> What you will do:
Going down the listing below, print exactly each line from the one with "כדי לצפות בבקשות" up to and including the one with "This creative Kinda", and skip the rest.

> Record excerpts:
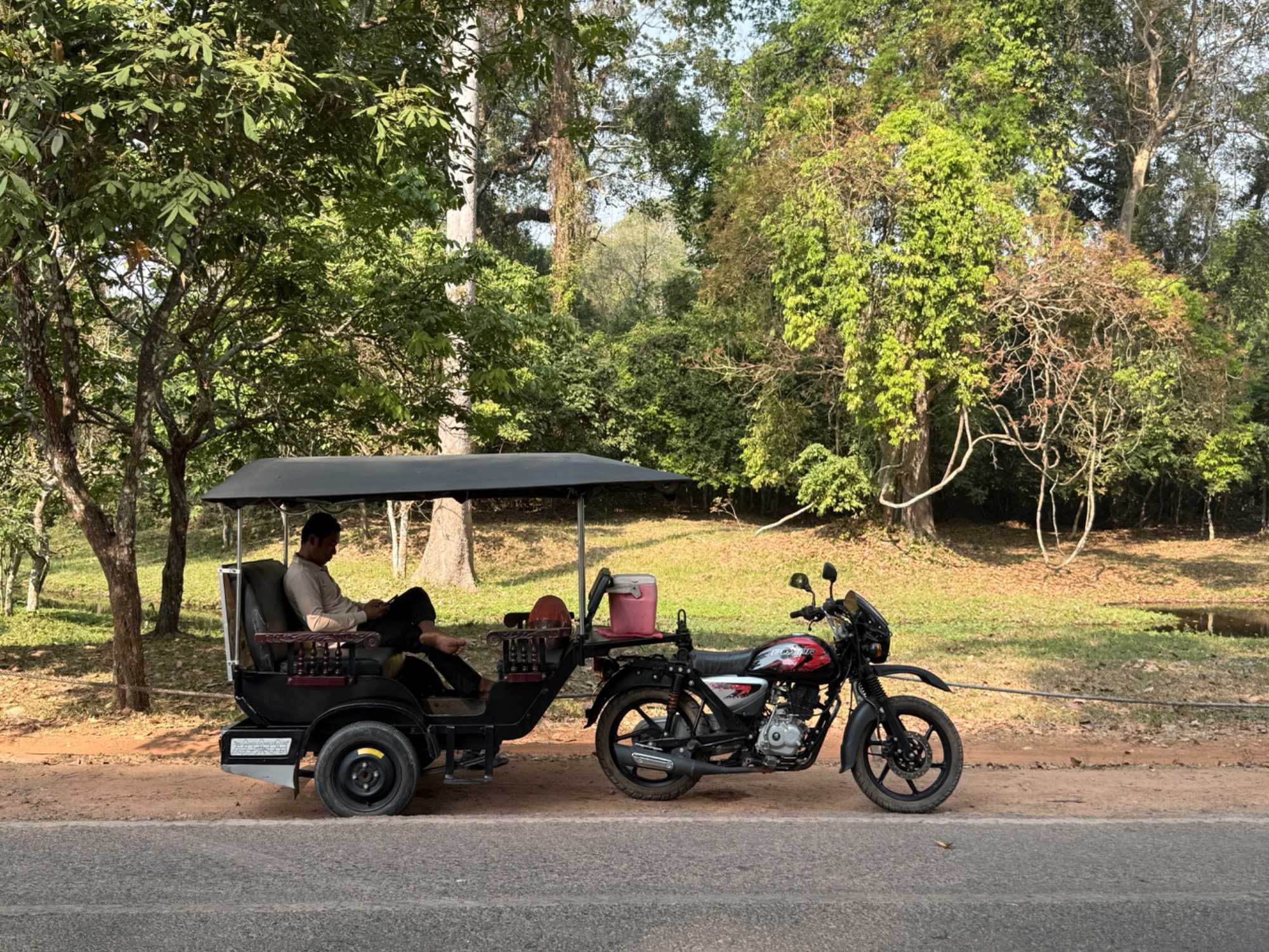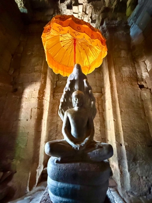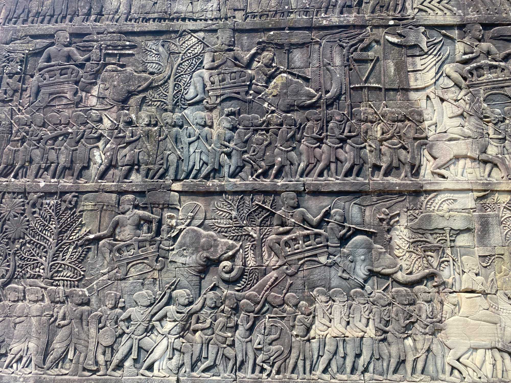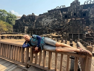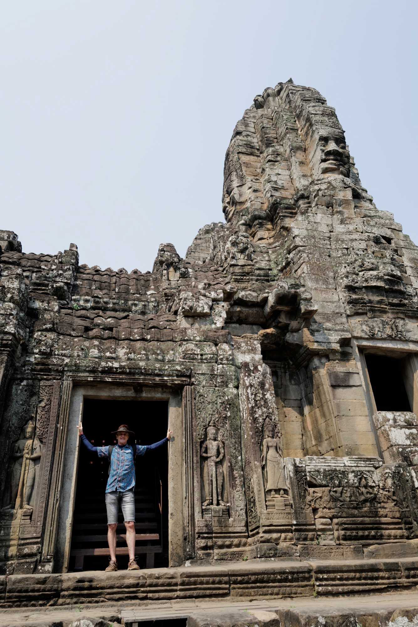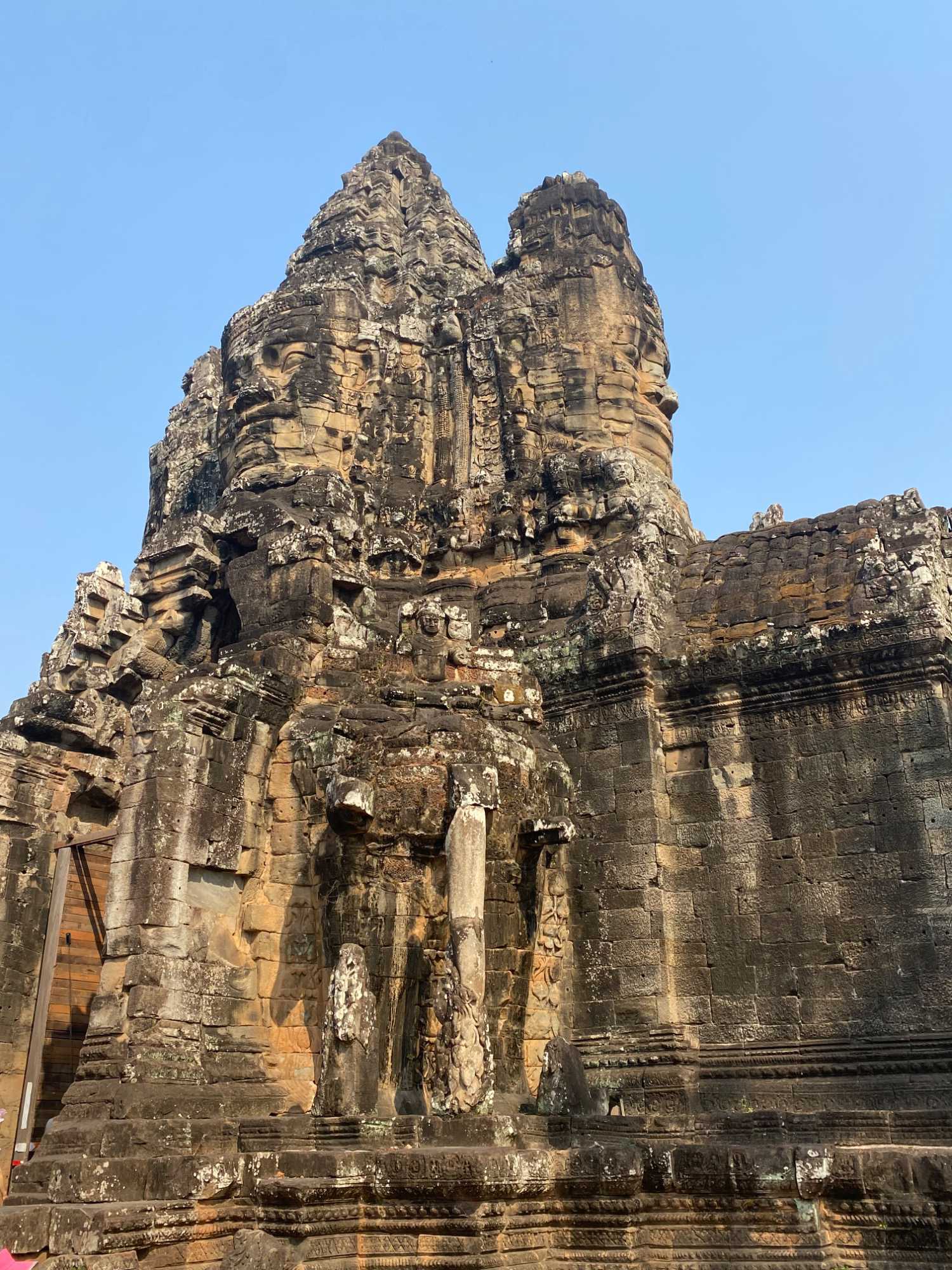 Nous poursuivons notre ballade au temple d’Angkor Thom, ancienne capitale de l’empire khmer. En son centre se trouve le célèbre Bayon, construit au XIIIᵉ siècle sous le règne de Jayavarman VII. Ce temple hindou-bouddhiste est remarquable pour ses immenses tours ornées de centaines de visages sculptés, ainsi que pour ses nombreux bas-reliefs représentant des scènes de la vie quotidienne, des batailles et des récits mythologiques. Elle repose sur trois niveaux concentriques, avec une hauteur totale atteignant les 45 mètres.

...

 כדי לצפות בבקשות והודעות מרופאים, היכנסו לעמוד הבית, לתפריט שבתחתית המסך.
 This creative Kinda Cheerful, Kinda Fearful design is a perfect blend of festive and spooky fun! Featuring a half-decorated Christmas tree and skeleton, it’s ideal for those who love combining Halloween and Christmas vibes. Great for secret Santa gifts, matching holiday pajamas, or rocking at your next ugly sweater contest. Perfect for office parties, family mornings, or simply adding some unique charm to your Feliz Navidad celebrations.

> Exercise solution:
 כדי לצפות בבקשות והודעות מרופאים, היכנסו לעמוד הבית, לתפריט שבתחתית המסך.
 This creative Kinda Cheerful, Kinda Fearful design is a perfect blend of festive and spooky fun! Featuring a half-decorated Christmas tree and skeleton, it’s ideal for those who love combining Halloween and Christmas vibes. Great for secret Santa gifts, matching holiday pajamas, or rocking at your next ugly sweater contest. Perfect for office parties, family mornings, or simply adding some unique charm to your Feliz Navidad celebrations.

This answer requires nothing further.